- _What is being asked_
Below, locate the line that contains "- En 2022, 13". Repeat exactly from that line to the line that contains "查看当前App Servic", inclusive, leaving out the pictures.

- _Source material_
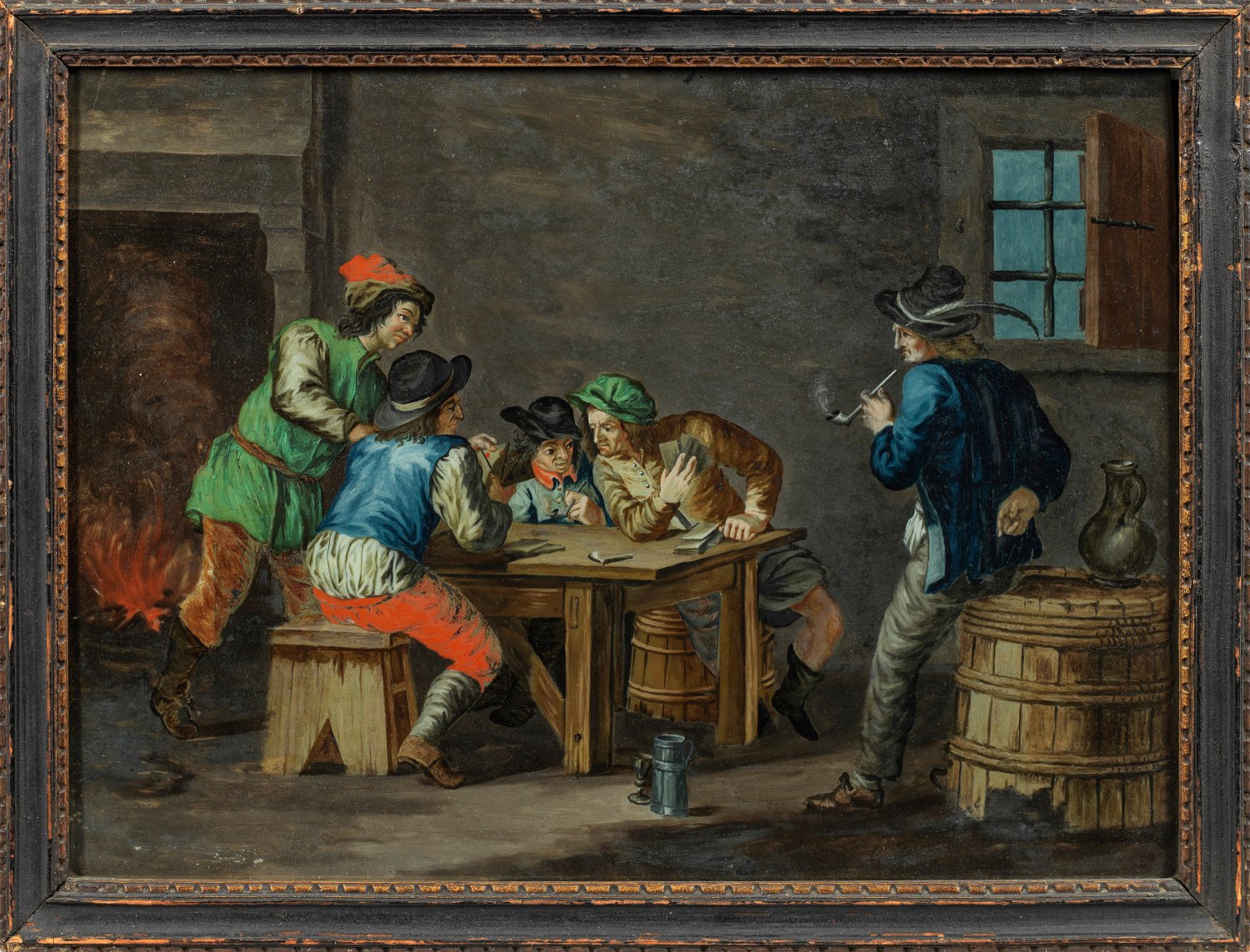 Szenisch stimmungsvolle Darstellung einer geselligen Gruppe Männer mit Hüten in einem Wirtshaus sitzend und Karten spielend. Im Hintergrund der brennende Kamin. Rechts vorne ein Mann, eine Pfeife rauchend und an ein Holzfass angelehnt den Spielenden zusehend. Darstellung wohl nach Adriaen Brouwer (1606 -1638). Polychrome Hinterglasmalerei. Reliefierter Rahmen mit Restvergoldung. 45 cm x 33 cm.
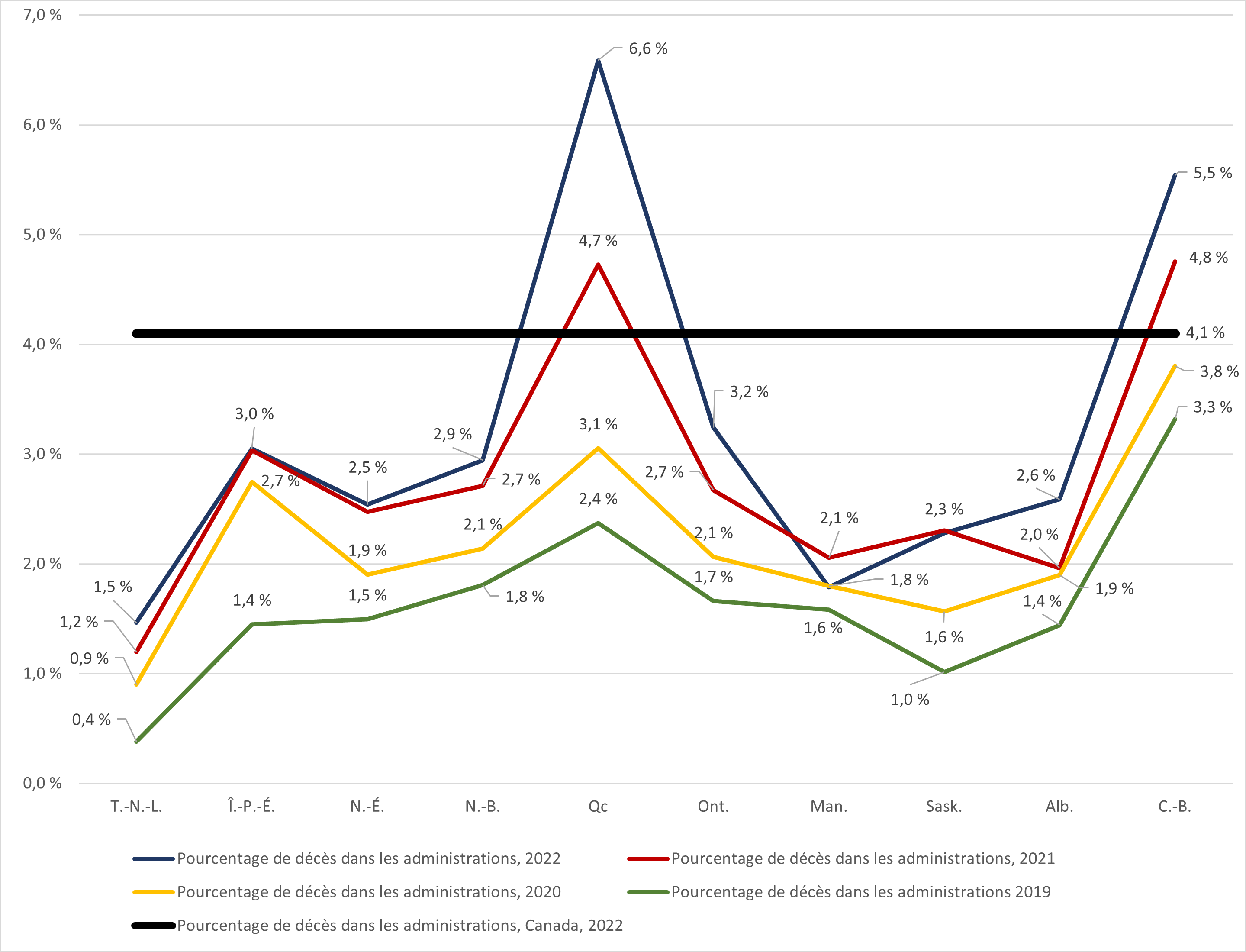 - En 2022, 13 241 cas d'aide médicale à mourir ont été déclarés au Canada, ce qui représente 4,1 % de tous les décès dans le pays.
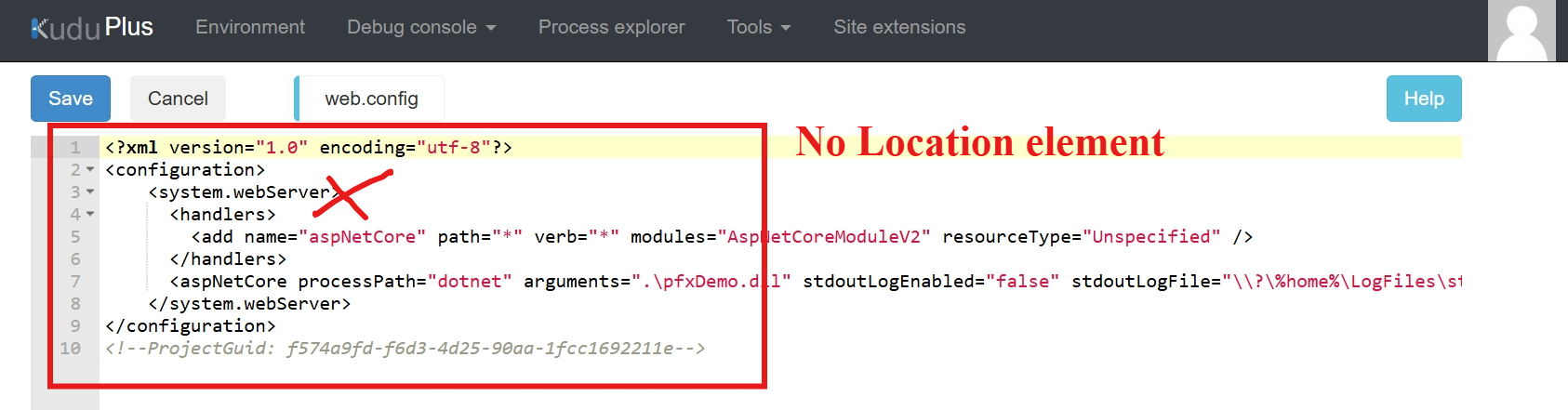 查看当前App Service的web.config文件内容,恰好缺少了location节点信息。
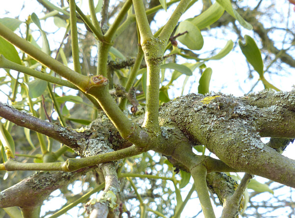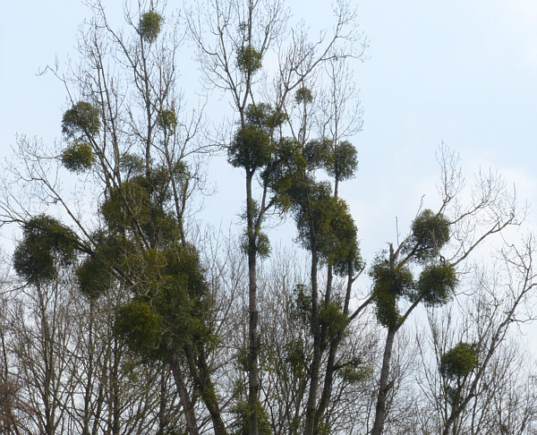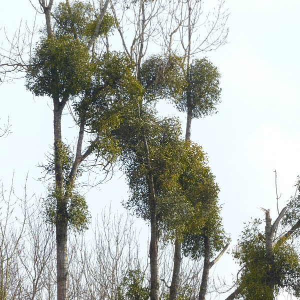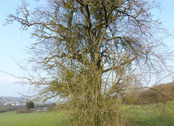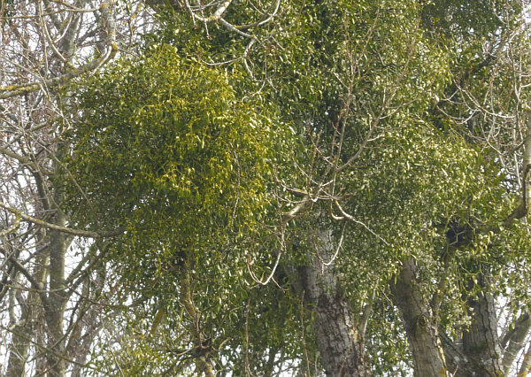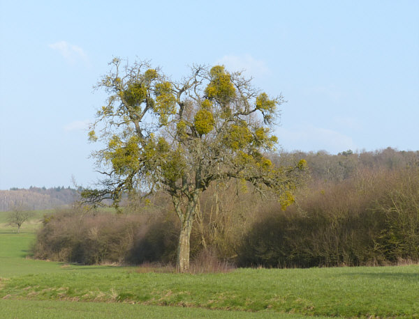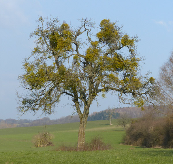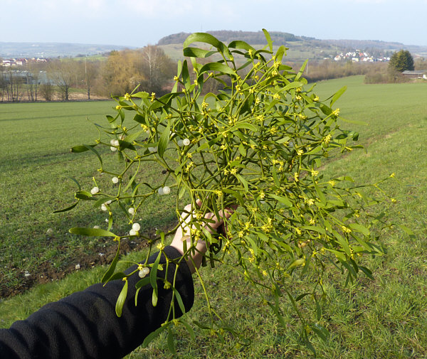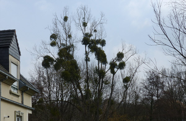 Der Tag der Kalenderblätter - Blatt 2 Hängt sie höher ... ![]() ... muss irgendwann mal jemand bestimmt haben ... denn solche Misteln sind leider immer unerreichbar weit oben. ![]() Da bleibt nur, sie mit der Kamera näher ... ![]() ... und noch näher zu holen ... ![]() ... und zum Schluß so nah wie es geht ... ![]() ... aber das nützt auch nicht wirklich etwas. 90 Minuten später ... wieder ein Baum ... ![]() ... der sogar über eine Wiese zu Fuß erreichbar wäre. ![]() Aber auch dieser Baum ... ![]() ... ist für Schinkel-Hände unerreichbar ... damit wollte ich doch gerne mal einen Mistelzweig von nahem sehen und da er Glück bringen soll, wäre auch Beate über einen solchen sehr erfreut gewesen. Ach wir gehen mal hin, auch wenn wir nicht groß genug sind. Und dann geschah auf dem Fußweg zu diesem Baum das Wunder ... vor dem Baum steht ... ![]() ... nicht der ganz vorne, sondern der verdeckte dahinter. Auf dem Weg zum anderen Baum kommt man an diesem Baum vorbei ... ![]() ... ein wildes Gestrüpp-Etwas mit reingewachsenen Wildrosen. Und mit Misteln ... was man von weiter weg gar nicht genau gesehen hat. Hier wuchsen aber die Misteln ... und das in Greifhöhe ... ![]() ... und so konnte ich endlich mal diese besonderen Vertreter der Natur von Nahem fotografieren. Solange sie noch jung sind, kann man sie deutlich an der Blattfarbe erkennen ... ![]() ... und im Winter natürlich auch daran ... ![]() ... das an diesem Baum etwas Blätter trägt und das kann ja nicht der Baum selbst sein. Ältere Mistelzweige sehen, wenn man die Blätter außer Acht lässt ... ![]() ... wie ganz normale Äste des Baumes aus. Große Freude, dass wir nun endlich mal einen Mistelstrauß ... ![]() ... mit nach Hause nehmen konnten ... und das sogar mit weißen Beeren :)). |

- _The completed task_
 - En 2022, 13 241 cas d'aide médicale à mourir ont été déclarés au Canada, ce qui représente 4,1 % de tous les décès dans le pays.
 查看当前App Service的web.config文件内容,恰好缺少了location节点信息。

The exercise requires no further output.